It’s not just the number of individuals crossing our southwest border illegally that’s surging; it’s the number of families. But many of those “families” turn out not to be families at all, but frauds trying to exploit loopholes in federal immigration laws that allow families to avoid detention and deportation back to their native countries.
In May, the Border Patrol intercepted more than 144,000 illegal aliens. That was the largest monthly total in more than a dozen years.
From Oct. 1, 2018, through May 31, 2019, the Border Patrol apprehended almost 600,000 illegal aliens, of which family units and unaccompanied minors represented 66%, also a significant increase.
Why has there been such an increase in family units?
According to testimony by officials of the U.S. Department of Homeland Security on June 26 before a Senate committee, it is because aliens know that, when it comes to families, “DHS must, pursuant to a court order, release them quickly—generally within 20 days—and that they will be allowed to stay in the U.S. indefinitely while awaiting protracted immigration court proceedings.”
In other words, crossing with a child “is a near guarantee of a speedy release and an indefinite stay in the United States.”

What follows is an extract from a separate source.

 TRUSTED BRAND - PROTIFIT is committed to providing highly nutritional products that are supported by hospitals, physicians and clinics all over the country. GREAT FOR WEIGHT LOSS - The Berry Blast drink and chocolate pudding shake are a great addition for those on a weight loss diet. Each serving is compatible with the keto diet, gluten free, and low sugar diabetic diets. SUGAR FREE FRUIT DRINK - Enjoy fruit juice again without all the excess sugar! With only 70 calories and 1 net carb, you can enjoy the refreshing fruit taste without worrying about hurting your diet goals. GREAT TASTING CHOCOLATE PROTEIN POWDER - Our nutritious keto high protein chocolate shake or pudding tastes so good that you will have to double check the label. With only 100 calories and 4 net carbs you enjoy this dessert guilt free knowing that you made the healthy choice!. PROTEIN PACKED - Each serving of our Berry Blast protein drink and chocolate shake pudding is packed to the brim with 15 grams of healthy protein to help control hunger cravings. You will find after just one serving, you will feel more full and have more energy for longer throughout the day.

As the DHS officials told the Senate, “these families are not concerned with being caught by the Border Patrol—they are actually turning themselves in, knowing that they will be processed and released with a court date years in the future.”
This is due to the fact that human smugglers are “exploiting these loopholes to encourage more migration” by telling aliens “that anyone who arrives with a child will not be deported.”

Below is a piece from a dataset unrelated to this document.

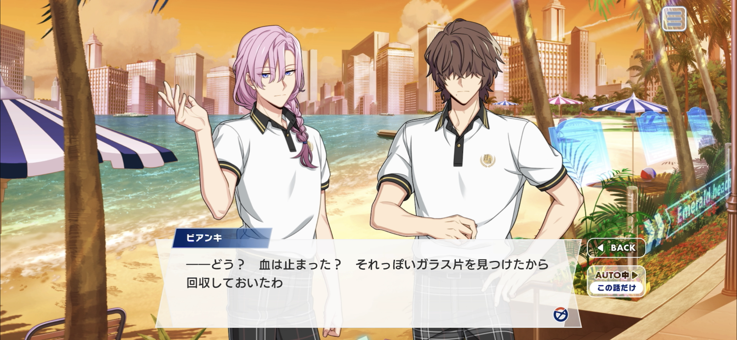 Bianchi: ーHow is it? Did the bleeding stop? I found a glass shard that looks like it could be the reason, so I picked it up.

Almost all of these smugglers work for the dangerous and brutal Mexican drug cartels and often beat, assault, rob, and rape the individuals they are smuggling across the border.

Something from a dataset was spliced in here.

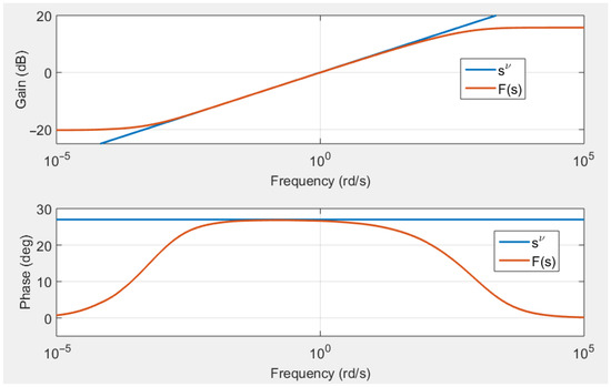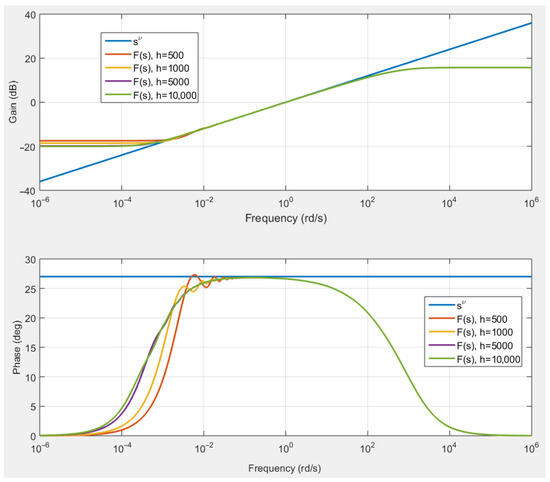 The frequency response of the transfer function given by relation (48) is represented by Figure 4 for , , , , and . It is compared to the frequency response of the transfer function . This figure clearly highlights that exhibits an order fractional derivative behavior between the frequencies and . Figure 5 evaluates the impact of parameter . For several values of , the gain and phase of the transfer function are represented. This figure gives the following rule to avoid gain and phase ripples: .

As one would expect, many of these aliens never show up for their scheduled immigration hearings because they know they have no legal right to be in the country. They just disappear into the anonymity of the heartland after they are processed and released by the Border Patrol.
Since being part of a family is a “Get Out of Detention Free” card, it should come as no surprise that a lot of fraud is apparently going on.
Gregory Nevano, the assistant director of DHS’ Homeland Security Investigations program, recently told a House committee that in just a two-month period, they identified 316 fake family units when they detected fraudulent documents being used by the aliens.
DHS also initiated a pilot DNA testing program in El Paso and McAllen, Texas, that ran from May 6 to May 10, 2019. DHS tested 84 family units during those four days—16 turned out to be fake families. In other words, almost 20% of these supposed families were frauds.
Mr. Nevano also related that Border Patrol agents said other “families” who were not selected for testing “voluntarily came forward and admitted they were part of a fraudulent family, as they heard/witnessed that DNA testing was being conducted.”
In fact, DHS has evidence that aliens and human smugglers are “renting” (and even buying) children to get into the country.
DHS caught a 51-year-old Honduran who admitted that the infant child he initially claimed was his son was actually purchased from the birth mother for the equivalent of $84.
DHS mounted an operation called “Noble Guardian” that identified alien adults who entered the country with accompanying children as “alleged family units, and then the children subsequently departed” the U.S. on commercial airlines back to their native countries.
DHS believes the children are “being used and recycled” for the “purpose of defrauding the United States.”
We really are facing an unsustainable and unprecedented crisis on the border. And the loopholes in our immigration system—which Congress refuses to fix—are being exploited in a way that is not only dangerous to our security, but for those aliens who, as a DHS official told Congress, “put their lives in the hands of smugglers and make the dangerous trek north to the southwest border.”